WORK TASK: Print the data verbatim. Leave every image out.

◆ ◆ ◆ ◆

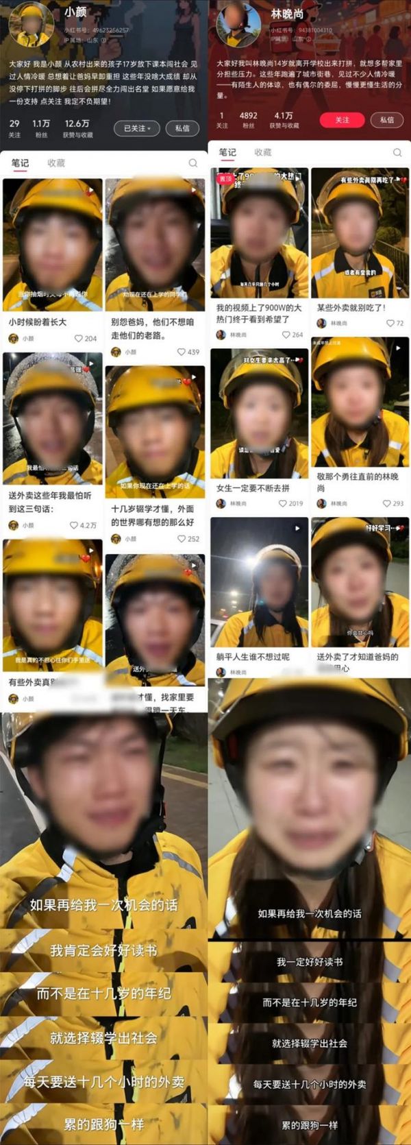 短视频账号“苏星颜努力中”“小颜拼搏中”(以下简称“苏星颜”)自今年6月14日起更新数十条作品,所有视频均身穿美团骑手工服,哭诉“后悔没好好读书”“凌晨四点送外卖”“每天跑十几个小时外卖”“一个差评一天白干”等悲惨经历,与美团此前辟谣的“陌林努力中”“红孩儿.命硬”等虚假摆拍账号风格及内容雷同。这些内容引发了不少网友的同情与支持,也有网友对其真实性提出质疑“哭是为了拍视频,请问天天哭能挣多少”。
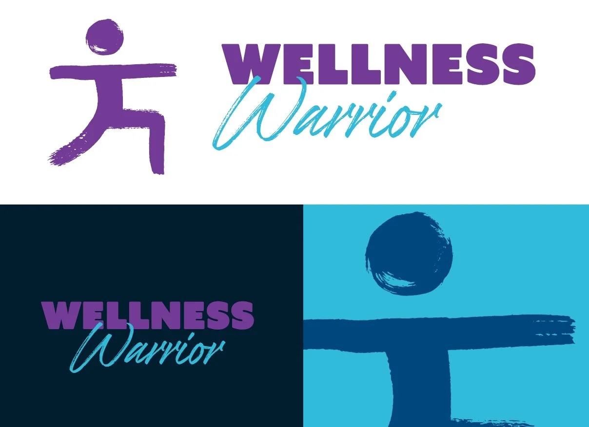 Wellness is a passion of mine outside of design. This logo was inspired by one of my favorite poses in yoga which is called Warrior 2. It is a strong pose and really strengthens the muscles in your legs. The direction I went with the logo as brush strokes came from the inspiration of Kanji and Japanese calligraphy. Because the name of the pose is warrior, it sparked the idea to name this program “Wellness Warrior”. The picture above shows my process in how I created the logo first, which was with ink and black acrylic paint. I sketched a simple icon with a pencil, and then went over it with the ink or the acrylic trying to find the best stroke of the brush. After creating a multitude of the same design, I took a picture of the designs I found most visually appealing, and then I put them into Photoshop to fix the contrast and lighting, and then I can transfer it into Illustrator to make the raster image a vector design.
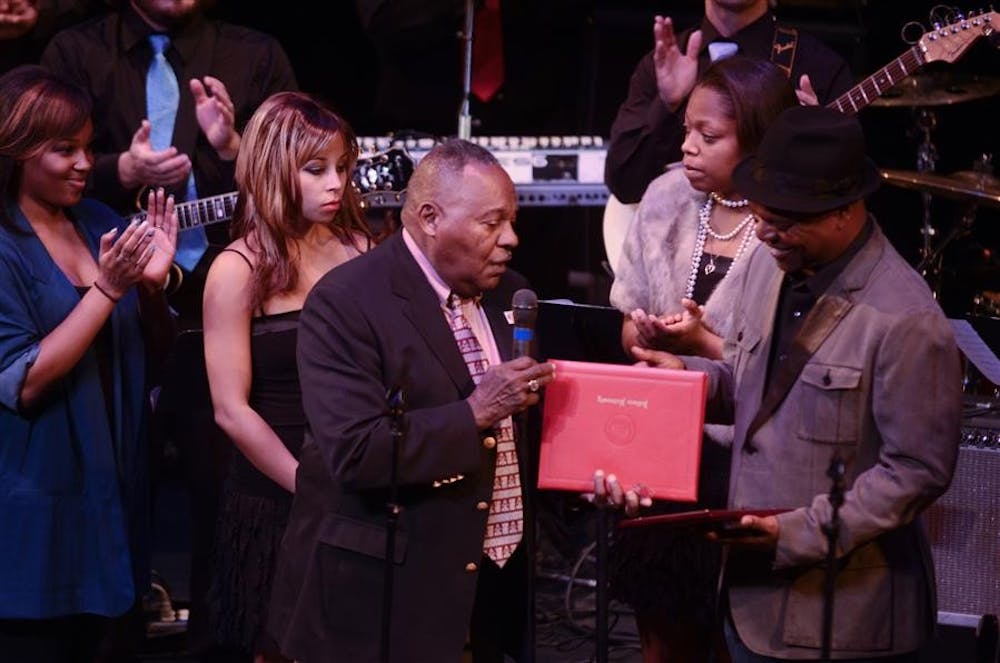 Soul and R&B musician Booker T. Jones smiles as he accepts awards from IU Soul Revue and the Neal Marshall Black Culture Center, Friday at the Buskirk-Chumley Theather. Jones is an IU alumnus and a Grammy Lifetime Achievement award winner.
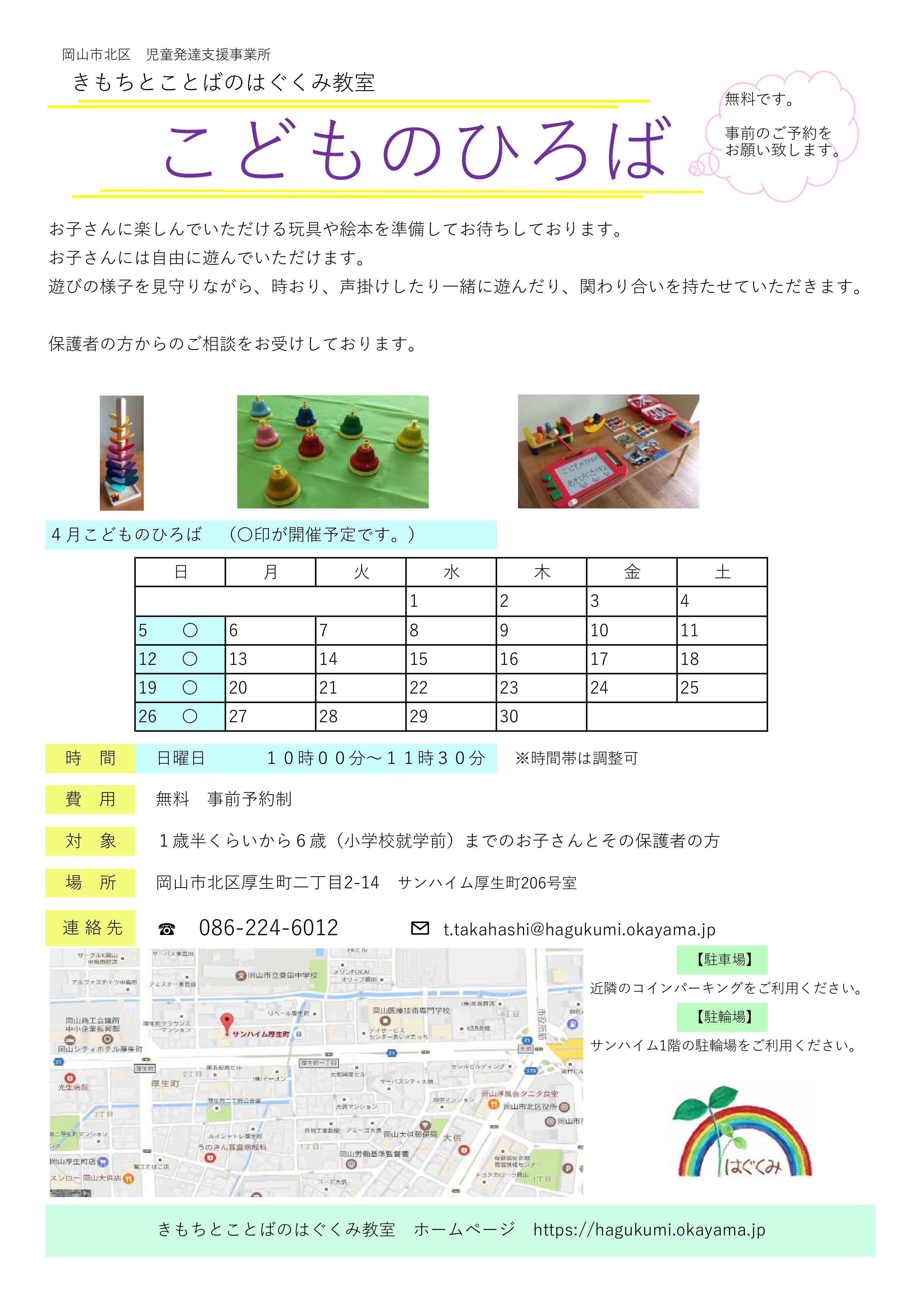 『こどものひろば』を、毎週日曜日の10:00~11:30に開催させていただきます。
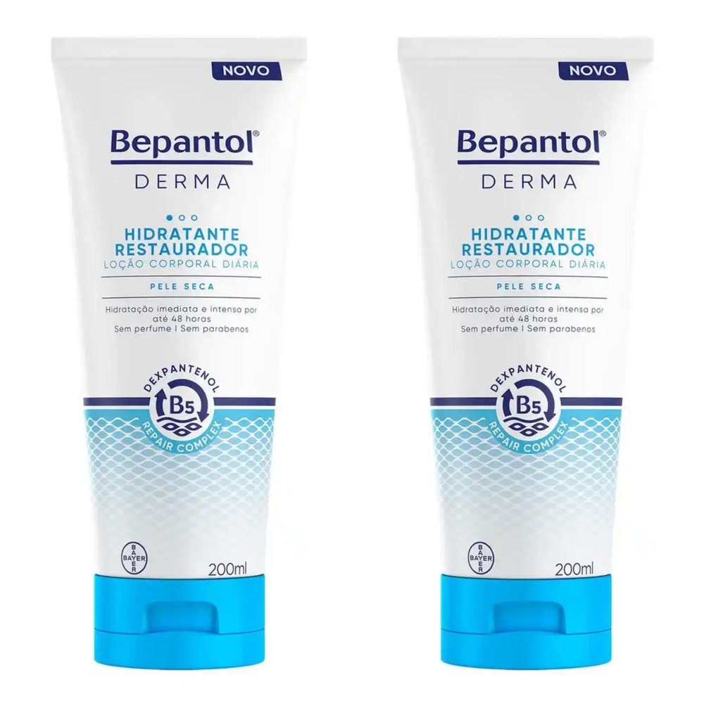 Kit com 2 Unidades de Bepantol Derma Hidratante Restaurador Loção Corporal 200ml. Bepantol Derma é uma loção corporal hidratante restauradora para uso diário. Indicada para pele seca e sensível, sua fórmula livre de conservantes e fragrâncias possui Niacinamida (vitamina B3), Dexpantenol B5, Glicerina e Lipídios naturais, ativos que ajudam a promover uma hidratação imediata e duradoura por até 48 horas. Tudo isso com uma textura leve, não oleosa e de rápida absorção que oferece alívio imediato para a pele ressecada. Para que serve a loção corporal hidratante Restaurador Bepantol Derma?Dermatologicamente testada, a loção corporal Bepantol Derma atua nas camadas mais profundas da pele, agindo de dentro para fora. Ela previne a recorrência da pele seca e deixa a pele mais suave e macia todos os dias. Benefícios e diferenciais da loção corporal hidratante Restaurador Bepantol DermaLoção corporal diária.Hidratação imediata e duradoura.Indicado para uso diário na pele seca e sensível.Textura leve, não oleosa e de rápida absorção.Alívio imediato para pele ressecada.Pele intensamente hidratada por até 48 horas.Possui Vitamina B3, que ajuda a acalmar a pele seca.Atua nas camadas mais profundas da pele, agindo de dentro para fora.Previne a recorrência da pele seca.Deixa a pele mais suave e macia.Livre de conservantes e fragrâncias.Possui Niacinamida / Vitamina B3, Dexpantenol B5, Glicerina e Lipídios naturais.Dermatologicamente testado.Como usar a loção corporal hidratante Restaurador Bepantol Derma?Aplique nas áreas ressecadas, como mãos, unhas, cutículas, cotovelos, joelhos e calcanhares. IngredientesDexpantenol, Niacinamida, Isoestearato Isopropílico, Óleo de argan e manteiga de karité. A lista de ingredientes usados na composição pode ser alterada pelo fabricante. Desta forma, recomendamos que você sempre leia a lista de ingredientes na embalagem do produto para garantir que são adequados para seu uso. Principais ativos e como atuamNiacinamida / Vitamina B3A vitamina B3, também conhecida como Niacinamida, é um ativo que ajuda a acalmar a pele seca. Dexpantenol B5A vitamina B5 é vital para a saúde da pele, ajudando na renovação natural e hidratação da pele. GlicerinaA glicerina é um ativo que proporciona hidratação imediata e prolongada. Lipídios naturaisEstes ativos substituem os lipídios perdidos na pele. AdvertênciasUso externo.Não ingerir.Caso haja contato com os olhos, lave-os abundantemente. Se houver irritação, suspenda o uso imediatamente e procure orientação médica.Mantenha fora do alcance das crianças.

◆ ◆ ◆ ◆

OUTPUT:
 短视频账号“苏星颜努力中”“小颜拼搏中”(以下简称“苏星颜”)自今年6月14日起更新数十条作品,所有视频均身穿美团骑手工服,哭诉“后悔没好好读书”“凌晨四点送外卖”“每天跑十几个小时外卖”“一个差评一天白干”等悲惨经历,与美团此前辟谣的“陌林努力中”“红孩儿.命硬”等虚假摆拍账号风格及内容雷同。这些内容引发了不少网友的同情与支持,也有网友对其真实性提出质疑“哭是为了拍视频,请问天天哭能挣多少”。
 Wellness is a passion of mine outside of design. This logo was inspired by one of my favorite poses in yoga which is called Warrior 2. It is a strong pose and really strengthens the muscles in your legs. The direction I went with the logo as brush strokes came from the inspiration of Kanji and Japanese calligraphy. Because the name of the pose is warrior, it sparked the idea to name this program “Wellness Warrior”. The picture above shows my process in how I created the logo first, which was with ink and black acrylic paint. I sketched a simple icon with a pencil, and then went over it with the ink or the acrylic trying to find the best stroke of the brush. After creating a multitude of the same design, I took a picture of the designs I found most visually appealing, and then I put them into Photoshop to fix the contrast and lighting, and then I can transfer it into Illustrator to make the raster image a vector design.
 Soul and R&B musician Booker T. Jones smiles as he accepts awards from IU Soul Revue and the Neal Marshall Black Culture Center, Friday at the Buskirk-Chumley Theather. Jones is an IU alumnus and a Grammy Lifetime Achievement award winner.
 『こどものひろば』を、毎週日曜日の10:00~11:30に開催させていただきます。
 Kit com 2 Unidades de Bepantol Derma Hidratante Restaurador Loção Corporal 200ml. Bepantol Derma é uma loção corporal hidratante restauradora para uso diário. Indicada para pele seca e sensível, sua fórmula livre de conservantes e fragrâncias possui Niacinamida (vitamina B3), Dexpantenol B5, Glicerina e Lipídios naturais, ativos que ajudam a promover uma hidratação imediata e duradoura por até 48 horas. Tudo isso com uma textura leve, não oleosa e de rápida absorção que oferece alívio imediato para a pele ressecada. Para que serve a loção corporal hidratante Restaurador Bepantol Derma?Dermatologicamente testada, a loção corporal Bepantol Derma atua nas camadas mais profundas da pele, agindo de dentro para fora. Ela previne a recorrência da pele seca e deixa a pele mais suave e macia todos os dias. Benefícios e diferenciais da loção corporal hidratante Restaurador Bepantol DermaLoção corporal diária.Hidratação imediata e duradoura.Indicado para uso diário na pele seca e sensível.Textura leve, não oleosa e de rápida absorção.Alívio imediato para pele ressecada.Pele intensamente hidratada por até 48 horas.Possui Vitamina B3, que ajuda a acalmar a pele seca.Atua nas camadas mais profundas da pele, agindo de dentro para fora.Previne a recorrência da pele seca.Deixa a pele mais suave e macia.Livre de conservantes e fragrâncias.Possui Niacinamida / Vitamina B3, Dexpantenol B5, Glicerina e Lipídios naturais.Dermatologicamente testado.Como usar a loção corporal hidratante Restaurador Bepantol Derma?Aplique nas áreas ressecadas, como mãos, unhas, cutículas, cotovelos, joelhos e calcanhares. IngredientesDexpantenol, Niacinamida, Isoestearato Isopropílico, Óleo de argan e manteiga de karité. A lista de ingredientes usados na composição pode ser alterada pelo fabricante. Desta forma, recomendamos que você sempre leia a lista de ingredientes na embalagem do produto para garantir que são adequados para seu uso. Principais ativos e como atuamNiacinamida / Vitamina B3A vitamina B3, também conhecida como Niacinamida, é um ativo que ajuda a acalmar a pele seca. Dexpantenol B5A vitamina B5 é vital para a saúde da pele, ajudando na renovação natural e hidratação da pele. GlicerinaA glicerina é um ativo que proporciona hidratação imediata e prolongada. Lipídios naturaisEstes ativos substituem os lipídios perdidos na pele. AdvertênciasUso externo.Não ingerir.Caso haja contato com os olhos, lave-os abundantemente. Se houver irritação, suspenda o uso imediatamente e procure orientação médica.Mantenha fora do alcance das crianças.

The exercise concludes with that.